Рукой я проверяю температуру двигателя. Он успокаивающе прохладен. Выключаю сцепление и даю ему секунду катиться по инерции, чтобы послушать, как он работает вхолостую. Какой-то забавный звук, и я повторяю все заново. Требуется некоторое время, чтобы вычислить, что дело тут вовсе не в двигателе. Это эхо от утеса, оно раздается после того, как дроссельный клапан закрыт. Смешно. Я проделываю такой финт два или три раза. Крис спрашивает, что случилось, и я даю ему послушать эхо. Никаких комментариев от него не поступает.
Звук у нашей старой машины — как у кошелька с мелочью. Словно внутри сдача звякает. Звук ужасный, но это просто клапаны так лязгают. Нормально. Как только привыкнешь и научишься ожидать его, начнешь автоматически слышать отклонения. Если их не слышно, значит, хорошо.

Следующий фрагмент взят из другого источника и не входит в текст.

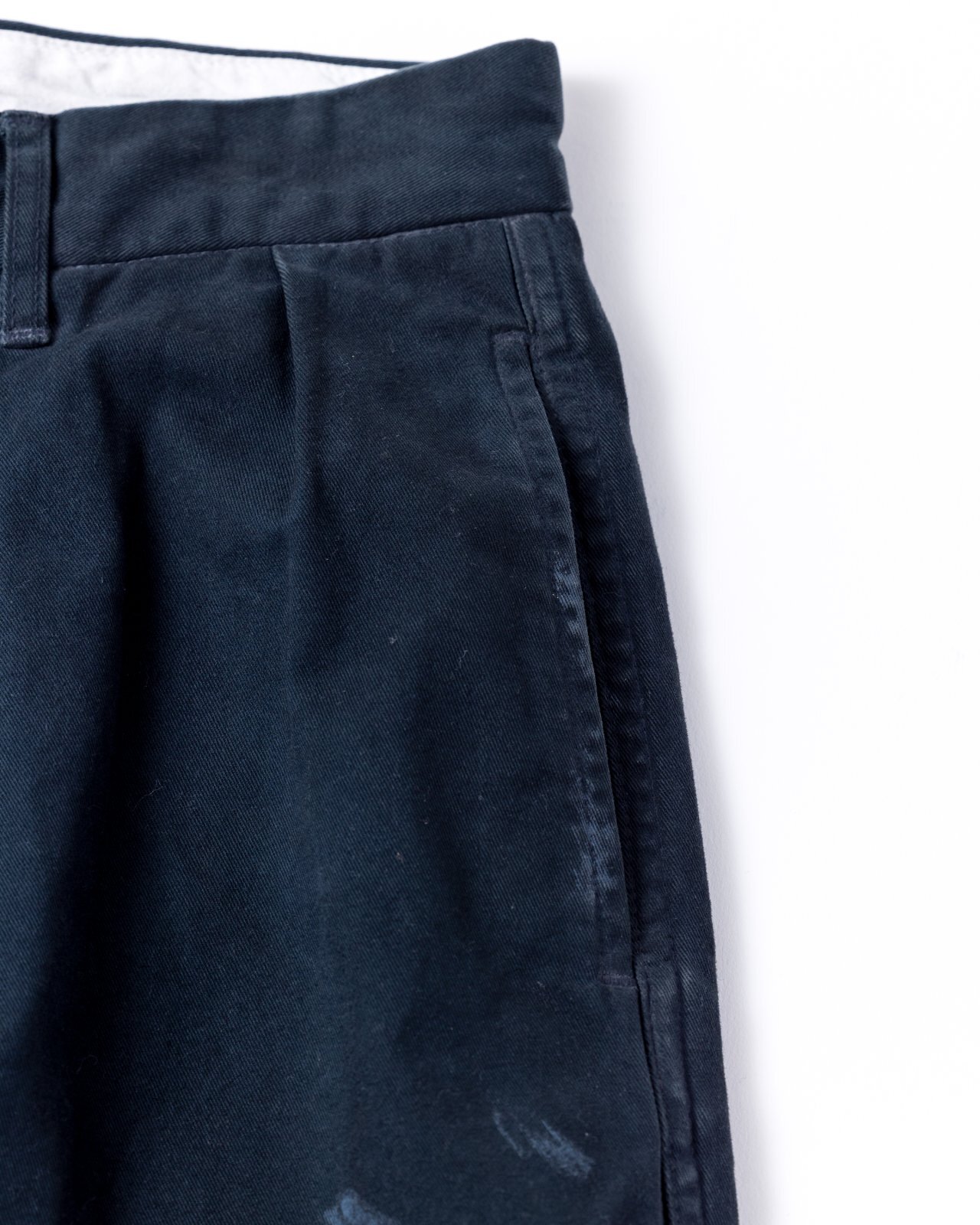 Crafted from a slightly heavy chino cloth. It is characterized by its durability and the soft texture inherent to its twill weave.

Я как-то пытался заинтересовать Джона этим звуком, но все бестолку. Он слышал только шум, видел только машину и меня с грязными инструментами в руках — больше ничего. Не вышло.

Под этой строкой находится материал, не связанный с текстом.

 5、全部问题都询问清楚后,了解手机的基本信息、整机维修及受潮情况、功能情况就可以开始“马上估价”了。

Он на самом деле не видит, что происходит, и ему неинтересно в этом ковыряться. Ему не так интересно знать, что вещи означают, как то, чем они являются. Достаточно важно, что он все видит именно так. Мне понадобилось много времени, чтобы понять эту разницу, и для Шатокуа важно, что я эту разницу объяснил.
Меня так ошарашил его отказ даже думать о любом механическом предмете, что я все пытался подобрать ключи к его отношению ко всему окружающему, но не знал, где начать.
Я хотел было подождать, пока что-нибудь не случится с его машиной, и я не помогу ему починить ее — и вот так втяну его во все это, но сам попал впросак, поскольку не понимал разницы в том, как он на все смотрит.
Рукоятки руля у него начали соскальзывать. Не очень сильно, сказал он, а только когда на них налегаешь. Я предупредил, чтобы он не вздумал гайки затягивать разводным ключом: нарушится хромовое покрытие и пойдут маленькие ржавые пятнышки. Он согласился взять мой набор торцовых головок.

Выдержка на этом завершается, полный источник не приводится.